Separate instructions from data

Applications should preserve a hard distinction between developer instructions, user requests, retrieved content, and tool results. The model may see all of them, but the application should not give all of them equal authority.

message-policy.ts

type MessageSource = "developer" | "user" | "retrieval" | "tool";

export function canRequestTool(source: MessageSource) {
  return source === "developer" || source === "user";
}

Use tool sandboxes

Tools should be scoped by design. A model that summarizes a document should not also be able to send email, update billing, or delete a repository without an explicit user confirmation.

WARNING

Do not treat model confidence as authorization. The application owns permission checks, audit logs, and confirmation prompts.

mid article - 300x250 responsive

Contain retrieved text

Retrieved documents are attacker-controlled if an attacker can influence your index.
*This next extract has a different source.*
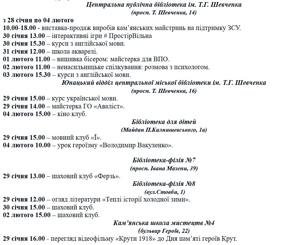 Центральна бібліотека та її філії запрошують на виставку-продаж виробів кам’янських майстринь на підтримку ЗСУ, інтерактивні ігри, розмову з психологом. Також є можливість відвідати мовні, кіно- та шахові клуби.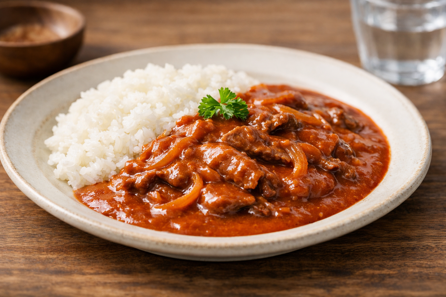 ①メニュー(完熟生トマトたっぷりハヤシ)

Treat search results like web input: quote them, cite them, and keep them away from privileged instructions.

Design for refusal paths

The safest agent workflows include boring stops. When a tool call is high impact or ambiguous, ask for confirmation and show the exact action before executing it.

ConfirmAction.tsx

export function ConfirmAction({ command }: { command: string }) {
  return (
    <form>
      <p>Review before execution:</p>
      <code>{command}</code>
      <button type="submit">Approve</button>
    </form>
  );
}

Strong LLM security is mostly ordinary application security: least privilege, clear boundaries, careful logging, and skeptical treatment of untrusted data.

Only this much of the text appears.